Input data:
------------

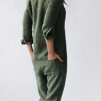 Experience the ultimate comfort and versatility with Avencea's Long-Sleeve Jumpsuit, perfect for any season! Crafted from a blend of linen, cotton, and polyester, this jumpsuit offers the ideal mix of style and ease.
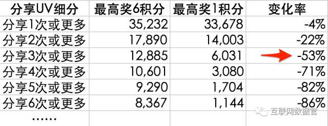 可以看到在前后两种奖励规则之下,分享次数越多的用户,其数量的降幅也越大。而且分享至少2次和3次的人数降幅,从22%突然提升到53%,我们可以解读为,从分享3次的用户开始,有明显的“为了积分而分享”的行为。而那些分享2次的用户,即使得不到更多的积分,也并没有明显减少分享行为。所以我给运营同事的建议是,如果希望奖励机制对那些“发自内心分享”的用户最有利,那么就可以把每日奖励上限提升到2积分试试看。
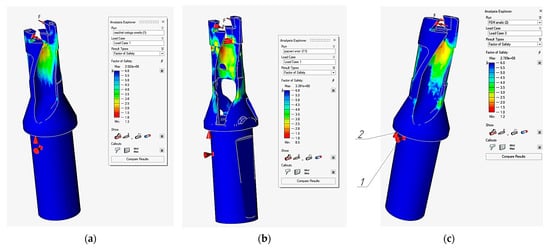 Safety factor diagram of a drill model. (a) A diagram of the safety factor of the solid drill body (min 1.3); (b) a safety factor diagram of the optimized drill body, but without the middle outer part (min 0.5); (c) a safety factor diagram of the optimized drill body (min 1.2); 1 is a symbol of the cylindrical part of the shank, deprived of the ability to move under loads; 2 is a symbol of the end of the conical part of the body, deprived of the ability to move under loads.
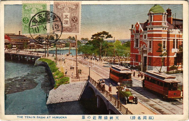 Leírás: Osaka, The Tenjin Bashi at Hukuoka, tram, automobile (EK)

------------

What is expected:
Only the pictures stay out; everything else in the listing above must be repeated exactly.

Reply to the exercise:
 Experience the ultimate comfort and versatility with Avencea's Long-Sleeve Jumpsuit, perfect for any season! Crafted from a blend of linen, cotton, and polyester, this jumpsuit offers the ideal mix of style and ease.
 可以看到在前后两种奖励规则之下,分享次数越多的用户,其数量的降幅也越大。而且分享至少2次和3次的人数降幅,从22%突然提升到53%,我们可以解读为,从分享3次的用户开始,有明显的“为了积分而分享”的行为。而那些分享2次的用户,即使得不到更多的积分,也并没有明显减少分享行为。所以我给运营同事的建议是,如果希望奖励机制对那些“发自内心分享”的用户最有利,那么就可以把每日奖励上限提升到2积分试试看。
 Safety factor diagram of a drill model. (a) A diagram of the safety factor of the solid drill body (min 1.3); (b) a safety factor diagram of the optimized drill body, but without the middle outer part (min 0.5); (c) a safety factor diagram of the optimized drill body (min 1.2); 1 is a symbol of the cylindrical part of the shank, deprived of the ability to move under loads; 2 is a symbol of the end of the conical part of the body, deprived of the ability to move under loads.
 Leírás: Osaka, The Tenjin Bashi at Hukuoka, tram, automobile (EK)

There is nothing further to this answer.